__INFORMATION SHOWN__.
● ● ● ● ●
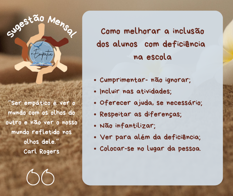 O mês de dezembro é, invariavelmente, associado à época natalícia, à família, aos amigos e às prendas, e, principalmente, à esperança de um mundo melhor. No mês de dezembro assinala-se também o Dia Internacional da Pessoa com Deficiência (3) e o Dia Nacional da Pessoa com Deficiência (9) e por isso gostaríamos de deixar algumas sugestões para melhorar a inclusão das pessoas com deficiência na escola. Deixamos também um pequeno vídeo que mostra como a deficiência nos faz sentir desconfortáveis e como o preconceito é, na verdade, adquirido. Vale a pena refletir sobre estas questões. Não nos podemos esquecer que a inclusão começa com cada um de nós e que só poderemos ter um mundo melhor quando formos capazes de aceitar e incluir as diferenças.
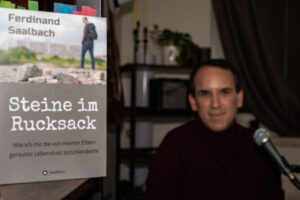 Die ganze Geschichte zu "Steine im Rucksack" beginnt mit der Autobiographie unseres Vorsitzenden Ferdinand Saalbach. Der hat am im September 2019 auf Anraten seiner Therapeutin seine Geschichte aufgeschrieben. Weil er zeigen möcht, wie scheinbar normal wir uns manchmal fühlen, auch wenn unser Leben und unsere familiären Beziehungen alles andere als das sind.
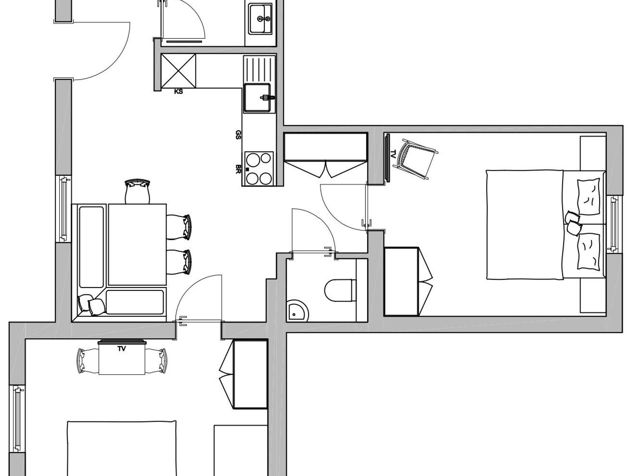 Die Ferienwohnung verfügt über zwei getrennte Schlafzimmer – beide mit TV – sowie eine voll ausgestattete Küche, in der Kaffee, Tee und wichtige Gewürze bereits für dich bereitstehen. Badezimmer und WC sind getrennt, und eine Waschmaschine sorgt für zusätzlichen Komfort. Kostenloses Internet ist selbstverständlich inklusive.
● ● ● ● ●
All of the data above needs to be retyped exactly, with the pictures removed.

__TASK ANSWER__.
 O mês de dezembro é, invariavelmente, associado à época natalícia, à família, aos amigos e às prendas, e, principalmente, à esperança de um mundo melhor. No mês de dezembro assinala-se também o Dia Internacional da Pessoa com Deficiência (3) e o Dia Nacional da Pessoa com Deficiência (9) e por isso gostaríamos de deixar algumas sugestões para melhorar a inclusão das pessoas com deficiência na escola. Deixamos também um pequeno vídeo que mostra como a deficiência nos faz sentir desconfortáveis e como o preconceito é, na verdade, adquirido. Vale a pena refletir sobre estas questões. Não nos podemos esquecer que a inclusão começa com cada um de nós e que só poderemos ter um mundo melhor quando formos capazes de aceitar e incluir as diferenças.
 Die ganze Geschichte zu "Steine im Rucksack" beginnt mit der Autobiographie unseres Vorsitzenden Ferdinand Saalbach. Der hat am im September 2019 auf Anraten seiner Therapeutin seine Geschichte aufgeschrieben. Weil er zeigen möcht, wie scheinbar normal wir uns manchmal fühlen, auch wenn unser Leben und unsere familiären Beziehungen alles andere als das sind.
 Die Ferienwohnung verfügt über zwei getrennte Schlafzimmer – beide mit TV – sowie eine voll ausgestattete Küche, in der Kaffee, Tee und wichtige Gewürze bereits für dich bereitstehen. Badezimmer und WC sind getrennt, und eine Waschmaschine sorgt für zusätzlichen Komfort. Kostenloses Internet ist selbstverständlich inklusive.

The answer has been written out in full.